Cvijetin Blagojević

Personal information
- Full name: Cvijetin Blagojević
- Date of birth: 10 April 1955 (age 71)
- Place of birth: Lopare, FPR Yugoslavia
- Position: Midfielder

Senior career*
- Years: Team / Apps / (Gls)
- 1976–1978: Sloboda Tuzla / 34 / (2)
- 1978–1983: Red Star Belgrade / 107 / (8)
- 1983–1984: Egaleo / 7 / (1)
- 1984–1985: Vasalunds IF
- 1985–1986: Marítimo / 23 / (2)
- 1986–1987: Sloboda Tuzla / 4 / (1)
- Total:  / 175 / (14)

Managerial career
- Železnik
- Kozara Gradiška
- 2002–2003: Radnički Obrenovac
- Red Star Belgrade (youth)
- 2007: Radnički Pirot
- 2013: Radnik Surdulica
- 2016: Drina Zvornik
- 2021: GSP Polet Dorćol

= Cvijetin Blagojević =

Yugoslav footballer

Cvijetin Blagojević (Цвијетин Благојевић; born April 10, 1955) is a Bosnian Serb football manager and former player.

==Playing career==
Cvijetin was born in Lopare.
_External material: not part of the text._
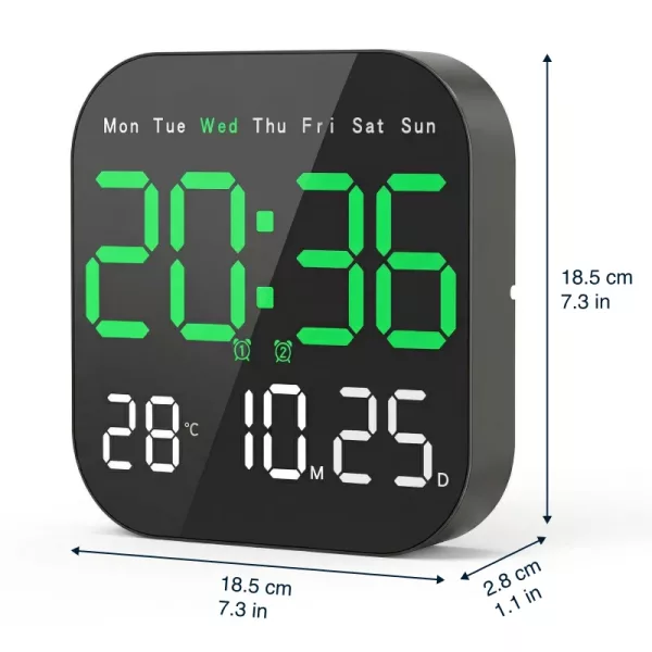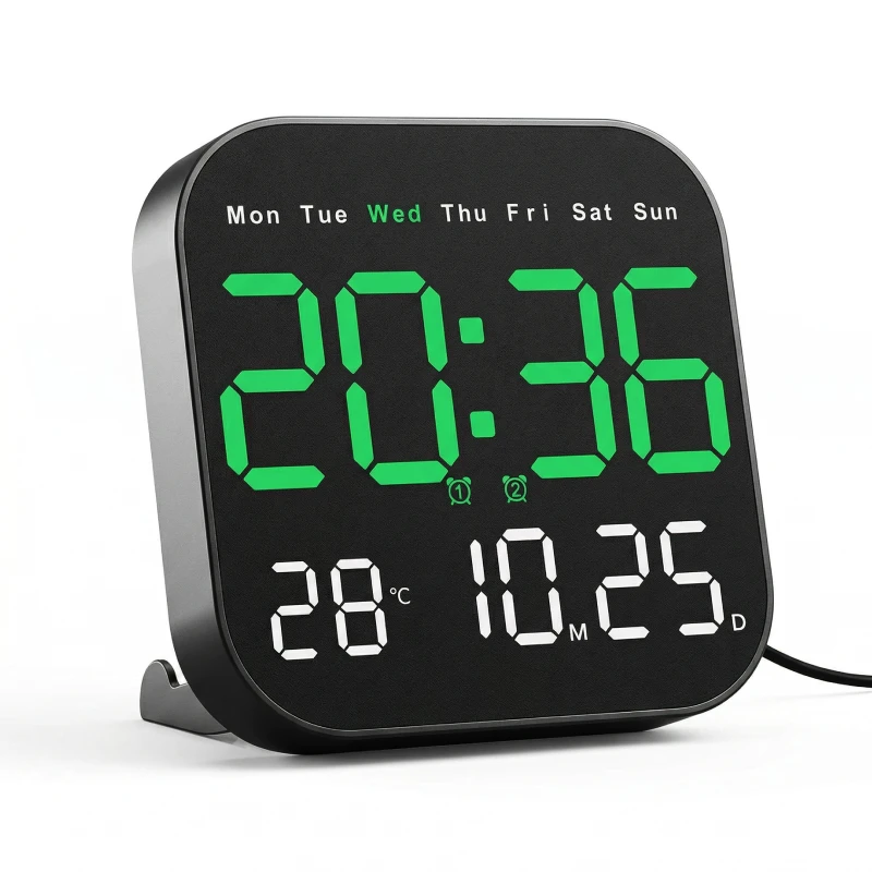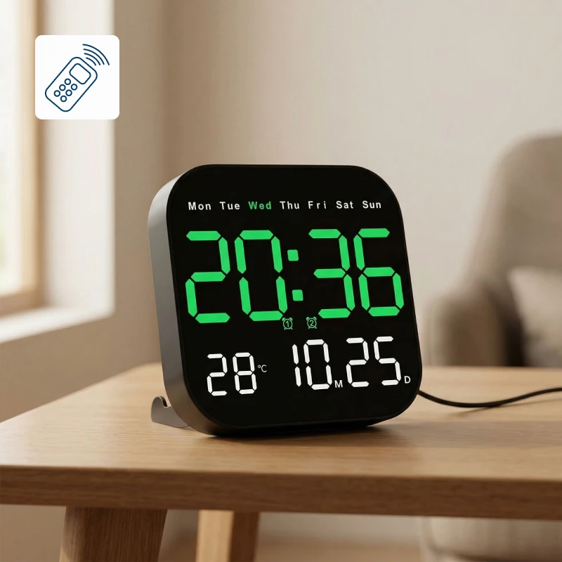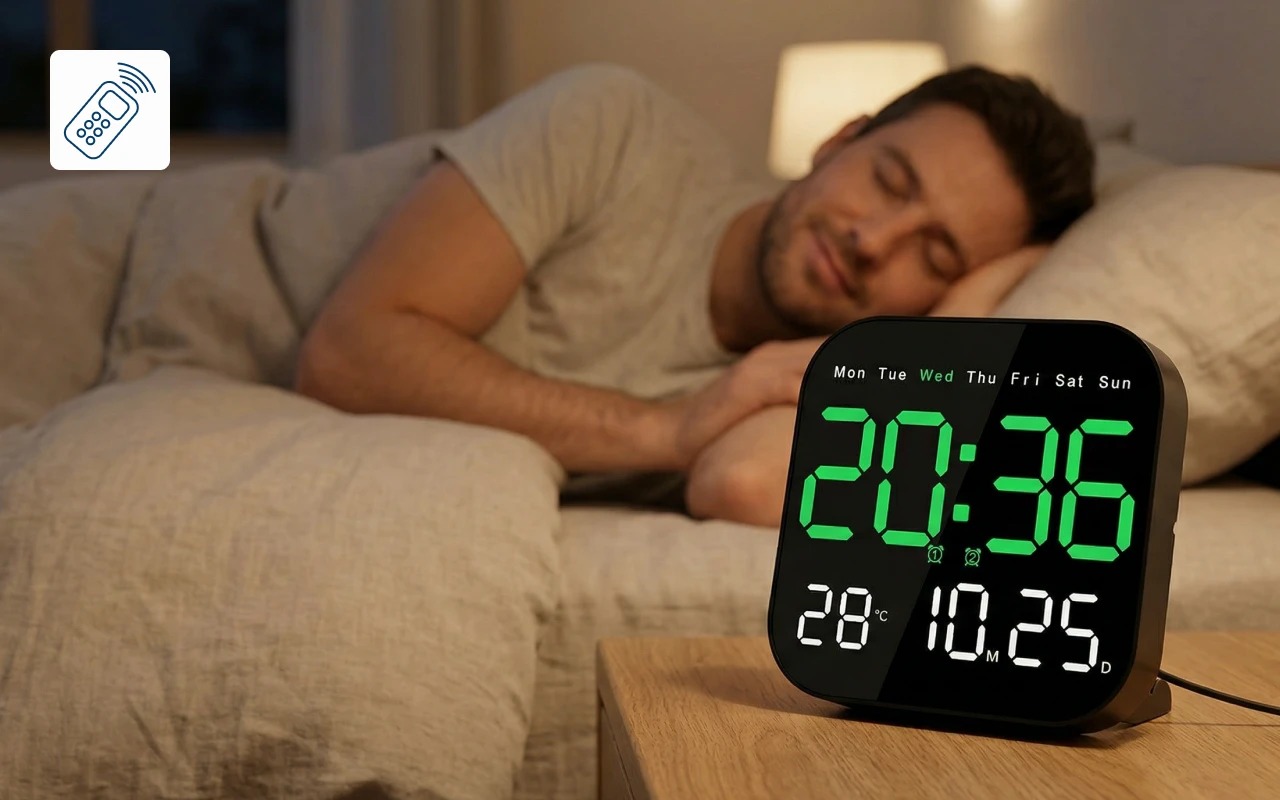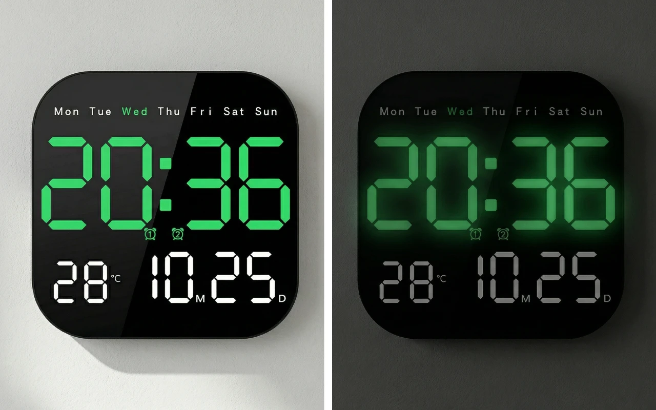 Läs siffrorna snabbt på långt håll i livliga utrymmen. Välj mellan tio ljusnivåer för dag, kväll eller sömn.

During his playing career, he played in the Yugoslav First League clubs FK Sloboda Tuzla and Red Star Belgrade before deciding to continue his career abroad, playing first in Greece with Egaleo F.C., and then with Swedish club Vasalunds IF, and Portuguese CS Marítimo.

==Managerial career==
After retiring, he became a football manager. He initially coached Šumarice and Plavi tim in Sweden, and then returned to the region of former-Yugoslavia where he coached Železnik, Kozara Gradiška, Radnički Obrenovac, Red Star Belgrade youth team, Radnički Pirot, Radnik Surdulica and Drina Zvornik.